Лейтенант недоверчиво хмыкнул. Здоровый цинизм позволяет трезво смотреть на вещи, но в случае с Майклом это был старательно взращенный нигилизм… который оставался таким же бегством от реальности, как если бы он сейчас нежно гладил волосы погибшей.
В работе следователя такие качества лишь мешали.
Полицейский наклонился поближе к развратно-беспомощно раздвинутым ногам жертвы. Ее половые органы были не просто вырезаны — выскоблены дочиста, и срез до сих пор гладко блестел там, где еще сохранились ткани. Санинспектор искоса наблюдал за действиями лейтенанта, пока тот отрывисто рассуждал вслух.
— Городские каннибалы обычно едят сырое мясо: прямо с трупа, не разделывая. Убийца охотился за определенными органоидами, и здесь явно было применено медицинское оборудование.
— Дюбели, которыми эта малышка прибита к полу, вы тоже к нему отнесете?
— Возможно, с ней что-то делали…
— Послушайте, Элберт, мы сейчас в самой зловонной клоаке Кэрридж-сити. Девушка жила одна, безоружная и беспомощная. Ее изуродовали, приковали и бросили, стоило ей умереть. Мастер не стал бы оставлять тело — просто скормил бы его кадаврам. Или переработал бы на биомассу — мало ли, что эти чокнутые хирурги могут сделать с сорока килограммами человеческой плоти? Скинуть это дело убойному отделу и все…
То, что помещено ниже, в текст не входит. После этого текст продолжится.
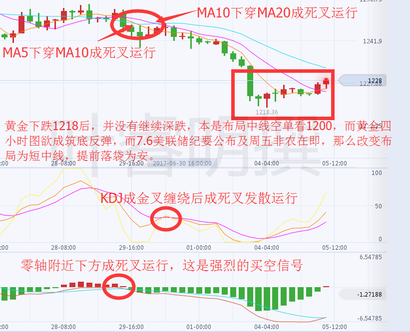 叶睿明:7.4黄金暴跌多单被套怎么解套及黄金后市技术分析 黄金方面,此前早就说过黄金会仍然延续上周的跌势,晚间不出意料迎来一波暴跌。目前日线级别已经在这一区间范围内持续震荡了10多根K线,黄金周线上周更是收一根中阴线,所以今日日内开盘便延续了上周跌势。日线来看,5日均线与10日均线死叉仍旧向下发展运行,MACD零

— Кто сообщил о находке? — прервал юношу коп.
После некоторой паузы Майкл ответил:
— Местный… шериф… не знаю, как это назвать. Он обходит все жилища где-то раз в месяц.
— Могу поспорить, что он не стесняется принимать добровольные денежные подарки от благодарных подопечных, — хмуро пробурчал мужчина.
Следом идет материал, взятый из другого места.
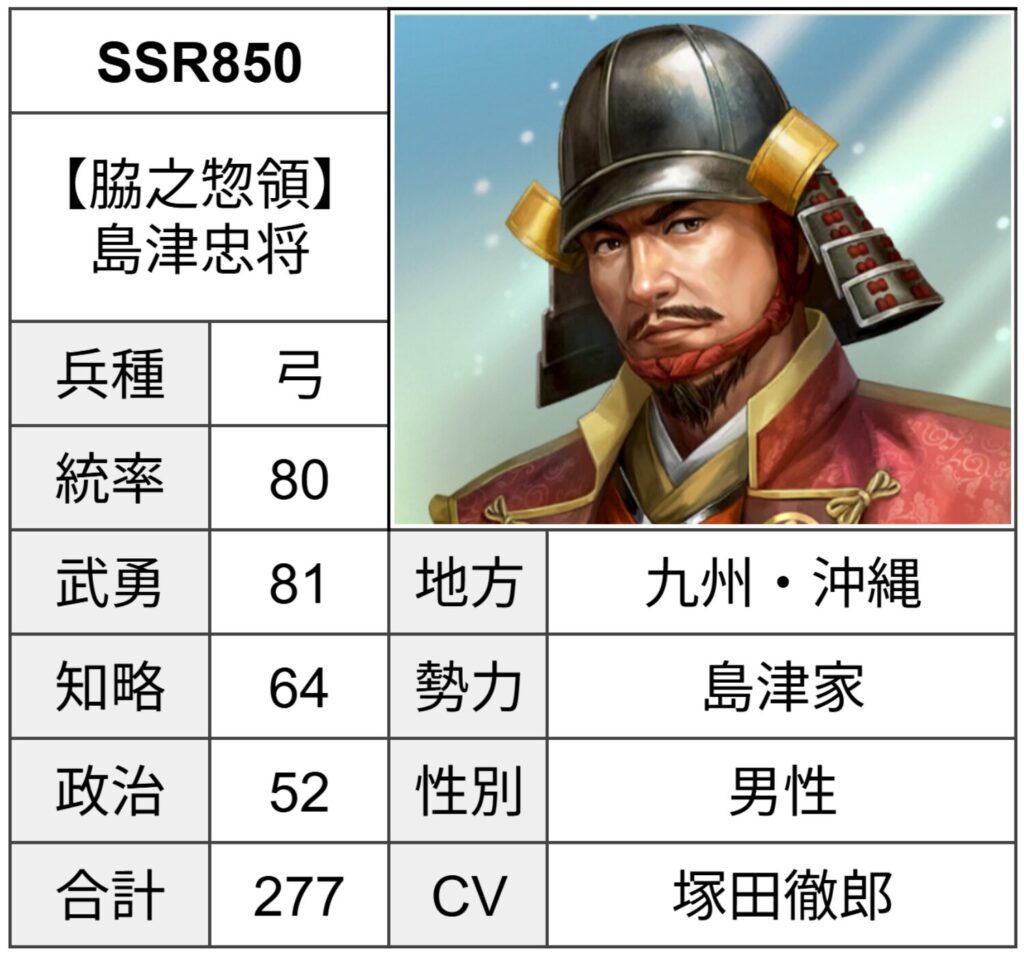 【薩州の英君】および【名湯武将】の島津義久以来の弓兵種のSSR武将となります。

— А то как же, — сухо хохотнул Майкл. — Такие князьки живут за счет податей, а чуть запахло жареным — сразу бегут плакаться властям. Впрочем, для местных то, что на них обратили внимание из внутреннего города — уже нечто за гранью фантастики, так что, можно сказать, патронажную функцию они выполняют.
Полицейская сошка вокруг уже начала зло переглядываться. Напарники не блистали профессионализмом, разговаривали на отвлеченные темы и явно не собирались в ближайшее время отпускать служивых домой. Причем большинству из них было попросту страшно находиться в гетто.
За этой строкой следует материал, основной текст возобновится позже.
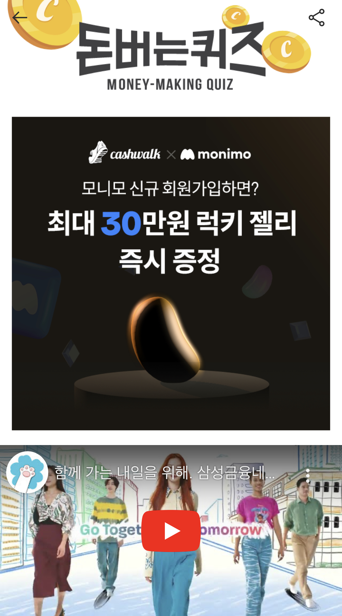 캐시워크 돈버는 퀴즈 정답 모니모 ㅅㅅㄱㅇ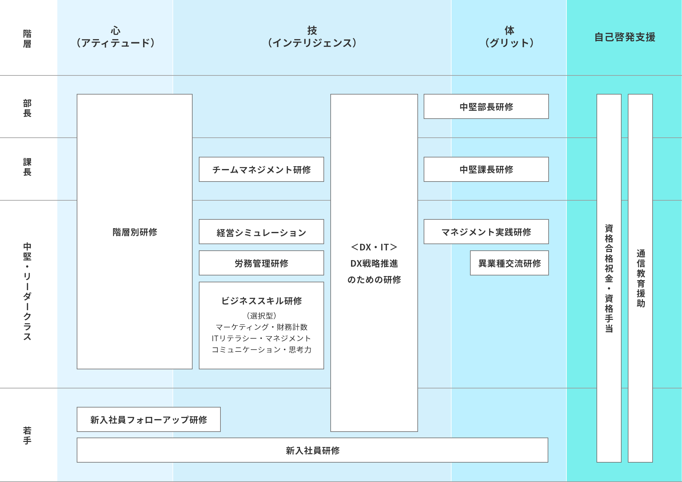 将来的に近鉄グループの経営を担う人材になっていただくことを念頭に、心(人間としての姿勢や仕事に対する姿勢)・技(知識の習得)・体(仕事を成し遂げる力)に重点を置いた体系的な育成プログラムを実施しています。

Майкл, явно получающий удовольствие от чужого бешенства, нарочито неторопливо заносил в протокол мелкие детали с места происшествия. Элберт не стал ему мешать, используя полученное время, чтобы выбрать еще несколько фотокарточек из разбросанных по полу. В его седеющей голове медленно рождался план расследования, и вместе с ним — предчувствие, что это будет его последнее дело.

— Зачем вам эти фотографии? — спросил санинспектор на пути обратно в город.
На Кэрридж-сити медленно опускались сумерки, и трущобные улицы заполнялись вышедшими на промысел мастерами сомнительных ремесел. Полицейский автомобиль на родной территории явно раззадоривал их кровожадный пыл, и лейтенант опасался, что придется пустить свой антикварный люгер в ход. Как говорилось выше, трупы он не любил, и множить их не стремился.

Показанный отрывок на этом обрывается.